Margaret R. Yocom
Margaret R. Yocom is a folklorist who teaches at George Mason University.[1]
Early life and education
Born in Pottstown, Pennsylvania, United States, the eldest child of Betty Keck and Norman Davidheiser Yocom, she first pursued her interest in folklore at Pennsylvania State University where she majored in English (BA, 1970.) She went on to University of Massachusetts Amherst where she completed an MA. in English and then a PhD in English (1980) with a concentration in Folklore. While at U Mass, she wrote her dissertation on family folklore, choosing to work with her own Pennsylvania German, Swiss, and Danish family. Together with other folklorists working in family folklore such as Steve Zeitlin, Karen Baldwin, and Marilyn White, Yocom helped develop this new ethnographic field of study. As she was finishing her academic studies, she worked for the Smithsonian Institution’s Festival of American Folklife and was the field research coordinator for the Northeast and Mid-Atlantic regions of the 1976 Bicentennial festival. She continued to be a presenter at subsequent festivals until 1988, when she began working summers in Maine.
Academic career
She accepted a job offer in 1977 at a new, burgeoning campus in Virginia, George Mason University. She has created a Folklore Studies program that includes a Folklore, Mythology and Literature concentration for undergraduates in the Department of English, a Folklore and Mythology Minor in the College of Humanities and Social Sciences, a Graduate Certificate in Folklore Studies (Dept. of English), and a Folklore Concentration in the Master of Arts in Interdisciplinary Studies.
During her fieldwork for the Folklife Festival in 1975, Yocom spotted a photograph in an arts festival reject pile that led her to what would become her major field research site. The man in the photograph was Rodney Richard Sr., a Maine wood carver and community scholar. Yocom has written and continues to write about the Richard family of loggers and woodcarvers, homemakers and knitters in the western mountains of Maine. Her interest lies in many facets of Maine culture but especially in wood carving, textile arts, and traditional narratives. Of her experience in Maine she says: “I like the idea of accompanying people: working for a long time in a field area and getting to know them. The context is wide and deep and Rangeley is an area that I just fell in love with.“
Work with folklore
Since 1986 she has been folklorist and curator for the Rangeley Lakes Region Logging Museum founded by Rodney Richard.
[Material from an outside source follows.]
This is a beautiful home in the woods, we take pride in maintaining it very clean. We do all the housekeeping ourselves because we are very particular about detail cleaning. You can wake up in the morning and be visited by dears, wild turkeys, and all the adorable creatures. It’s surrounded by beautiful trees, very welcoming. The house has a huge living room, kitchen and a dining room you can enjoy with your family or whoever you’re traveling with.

She has been on the board of directors since 1996. She also volunteers for the Rangeley Lakes Region Historical Society and has been a presenter for various New England folk festivals.
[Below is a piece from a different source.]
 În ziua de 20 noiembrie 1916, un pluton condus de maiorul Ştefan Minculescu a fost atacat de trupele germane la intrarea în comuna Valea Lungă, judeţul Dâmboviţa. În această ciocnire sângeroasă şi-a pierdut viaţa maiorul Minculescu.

In 1983 she accepted a job with Kawerak the non-profit arm of the Bering Straits Native Corporation in Nome, Alaska, where she was the folklorist of the Eskimo Heritage Program. From 1983-1985 she worked with King Island Inuit community members as well as linguist Dr. Lawrence Kaplan of the University of Alaska, produce the first bi-lingual book in English and Inupiaq called Ugiuvangmiut Qualiapyuit: King Island Tales.
Long interested in feminist folklore, Dr. Yocom published an essay in the first book on women’s folklore, Women’s Folklore Women’s Culture, edited by Susan Kalcik and Rosan Jordan. Published in 1985, the book is a collection of papers that had been presented at the American Folklore Society in some of the first panels specifically about women and folklore. Another of her essays appears in the book Feminist Messages, edited by folklorist Joan Radner.
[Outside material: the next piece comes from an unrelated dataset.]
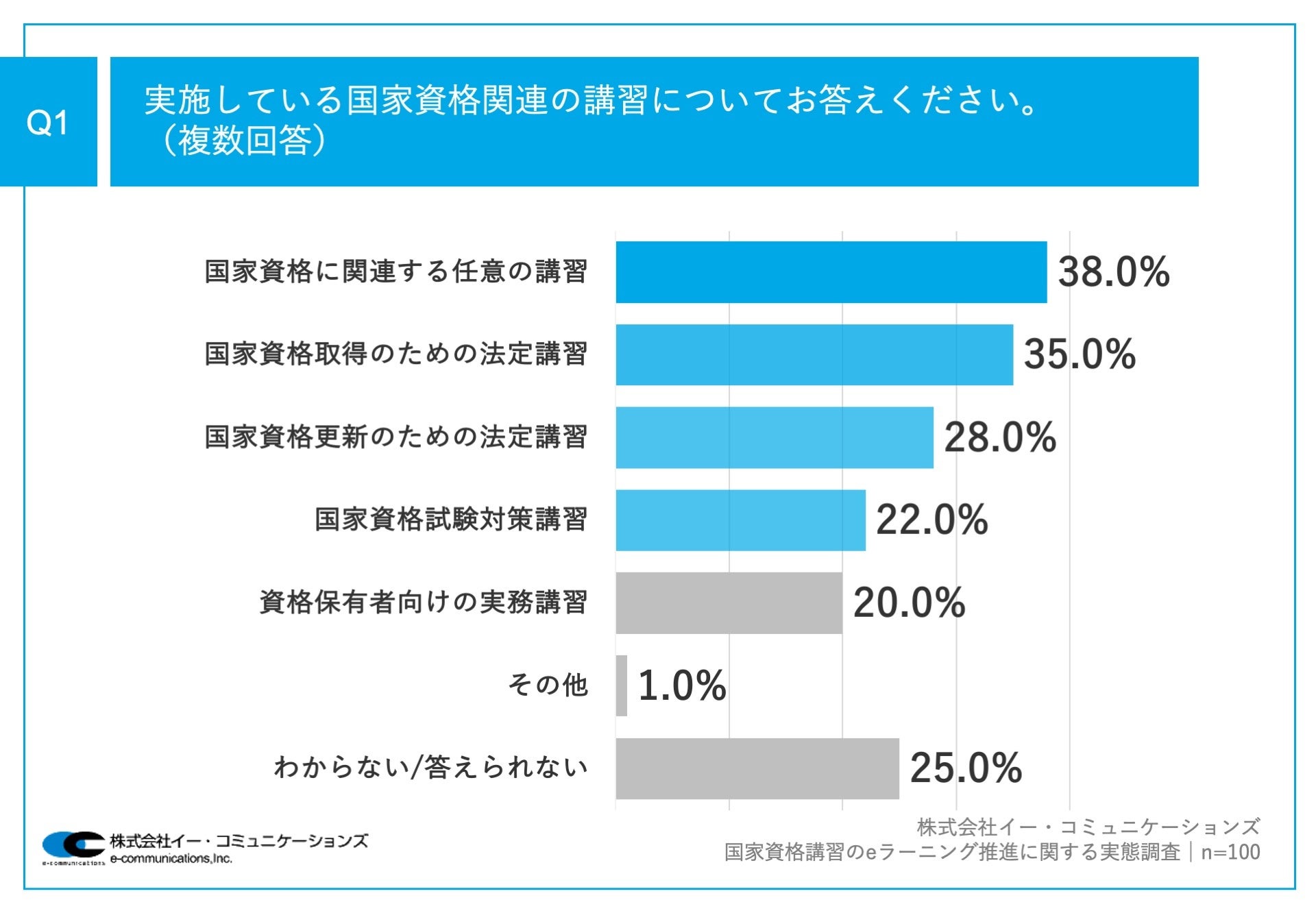 「Q1.実施している国家資格関連の講習についてお答えください。(複数回答)」(n=100)と質問したところ、「国家資格に関連する任意の講習」が38.0%、「国家資格取得のための法定講習」が35.0%、「国家資格更新のための法定講習」が28.0%という回答となりました。

In 2002 Yocom and Amy Skillman founded the Folklore and Creative Writing section of the American Folklore Society. This section came out of Yocom’s folklore and creative writing classes at GMU and her poetry. The Folklore and Creative Writing section now sponsors several panels, forums, and readings at the Annual Meeting of the American Folklore Society. One of its members, Frank de Caro, published an anthology of folklorists’ creative writing: The Folklore Muse. (Utah State University Press, 2008) Of the merging of creative writing and folklore she says, “It makes sense: as ethnographers, we write and we are co-creators of these texts that we put on paper.”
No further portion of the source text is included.